Despite an abundance of folk traditions spanning the Pacific, all describing a
sunken homeland, the first accurate, sonar-generated maps of the ocean bottom
revealed nothing resembling a lost continent. But archaeological enigmas
supporting the myths still exist at such remote locations as tiny Malden
Island, where a road of paved stones leads directly into and under the sea. The
uninhabited island is also home to forty platform-pyramids.

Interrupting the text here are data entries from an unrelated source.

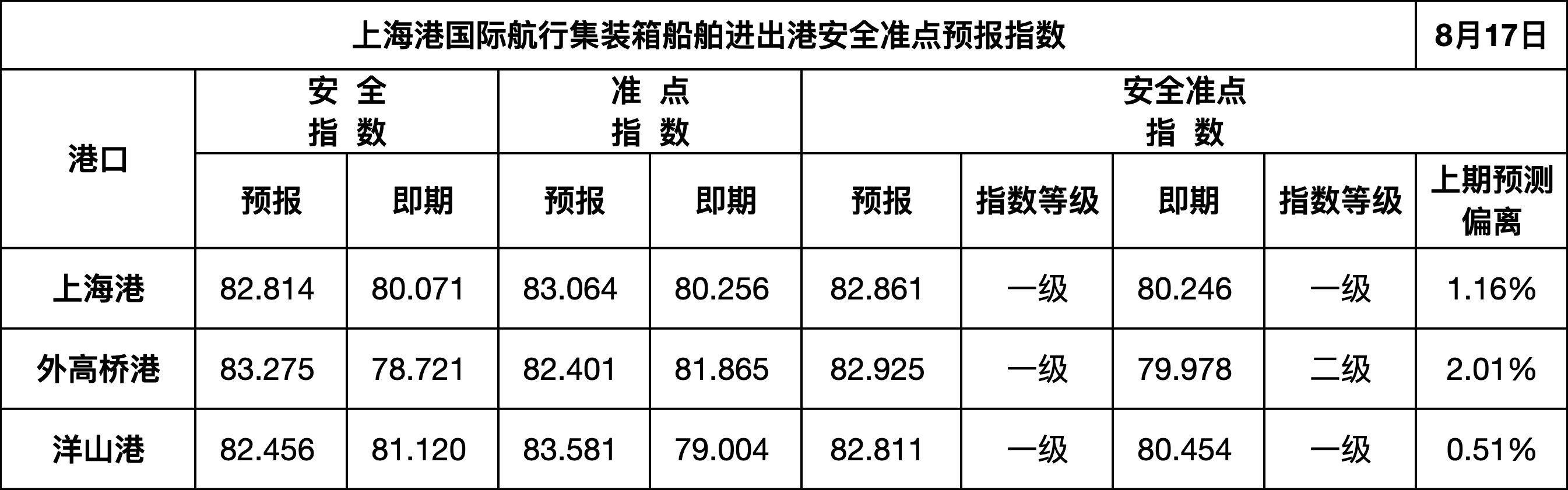 【发布】上海港国际航行集装箱船舶进出港安全准点预报指数(8.16-8.18)
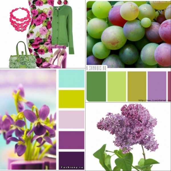 Эта пара естественная, легкая, привлекательная. Она напоминает весеннюю зелень и цветы. Позитивная, энергичная композиция полностью стоит на цветовом различии, так как все остальные цветовые контрасты мало действуют в ней. Палитра включает в себя бледно-зеленый, шартрез, оливковый, хаки, коричнево-зеленый.Сиреневый сочетается с холодным зеленым даже более привлекательно, чем с теплым. Секрет состоит в тепло-холодном контрасте, которой ложится в основу этой пары. Все остальные оттеняющие моменты сводятся на нет, чем достигается мягкость, легкость и обаятельность. Для сочетания были взяты цвет воды, ментоловый, мятный, келли, малахитовый.
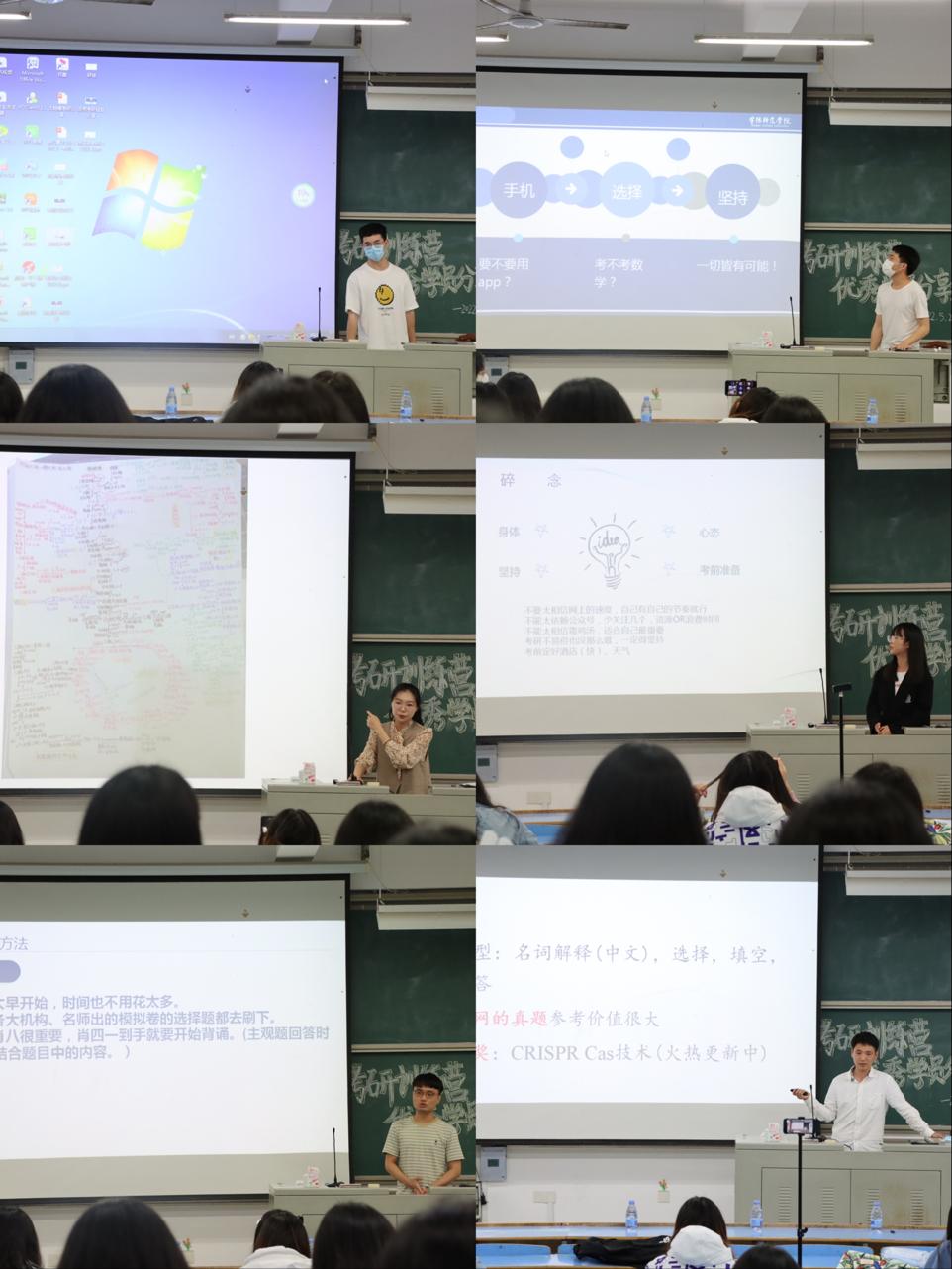 为让公司考研员工更好了解考研形势。公司于2022年5月22日在CC201举办考研训练营优秀学员分享会,公司生物技术系副教授史辉、2018级辅导员王珂参会。

A provocative architectural theme linking South America to Japan through
Polynesia and suggesting a lost intermediary culture is the sacred gate. The
aesthetic focus of Tiahuanaco, a great ceremonial city high in Bolivia's Andes
near Lake Titicaca, is two ritual gates. One above the sunken court at the
entrance dramatically frames the 12-foot-tall statue of a god or man, while the
other, at the far end of the complex, is the famous Gateway of the Sun,
oriented to various solar phenomena.
Out across the Pacific, in the Polynesian island of Tonga, stands the
Haamonga-a-Maui, The Burden of Maui, a 15-foot-high stone gate weighing some
109 tons and aligned with sunrise of the summer solstice. Japan is covered by
many thousands of such gates, most of them wooden, but all used to define a
sacred space. Known as Torii, the same word appears in
ancient Indo-European languages and survives in the German word for gate: Tor [and the Gaelic word
for God’s Law, Do Rah, or Torah]. An outstanding feature of the sunken structures in
the vicinity of Okinawa is an unconnected gate of massive stonework. The
Romans, who celebrated a Lemuria festival every May, ornamented their empire
with free-standing ceremonial gates.
These intriguing parallels, combined with a wealth of archaeological evidence
and descriptive native traditions, convince investigators that some powerful,
centrally located X-culture indeed existed in the Pacific, from which
civilizing influences spread in both directions. Their conclusion seemed borne
out with recent discoveries among the Ryukyu Islands, where architectural
features of the sunken structures bear tell-tale affinities to pre-Inca
structures in Peru and ancestral burial vaults on Okinawa. But the sunken
buildings provoke more questions than they answer. How old are they? Why are
they under water? Who built them? For what purposes?
What evidence has so far been collected suggests that the site did not succumb
to a sudden geologic catastrophe. Aside from one or two monuments leaning at
irregular angles, none of them displays any structural damage, no cracks or
fallen stones. Instead, they appear in unruined, virtually pristine condition.
They were either overwhelmed by rising sea-levels, sank with a slowly
collapsing land-mass, or some combination of both. Most researchers opt for the
last scenario, since oceanographers tell us that sea-levels rose from 100 feet
1.7 million years ago. Even so, the Japanese sites must be very old. They are
constantly being swept clean by strong currents, so radiocarbon dating material
is not available.
The purposes for which they were made appear less difficult to understand,
because their strongest resemblance to Hawaiian heiau implies that they were
mostly ceremonial in nature. Their expansive staircases lead up to presently
barren platforms, where wooden shrines and carved idols were probably set up
for religious dramas.
Just who were their worshippers and builders suggests a word most professional
American archaeologists are unable to pronounce. But, in view of the numerous
accounts from hundreds of cultures around the Pacific of a flood that destroyed
some former civilization, if Okinawa's sunken city is not lost Lemuria, then
what is it?
Frank Joseph is editor of The Ancient American Magazine.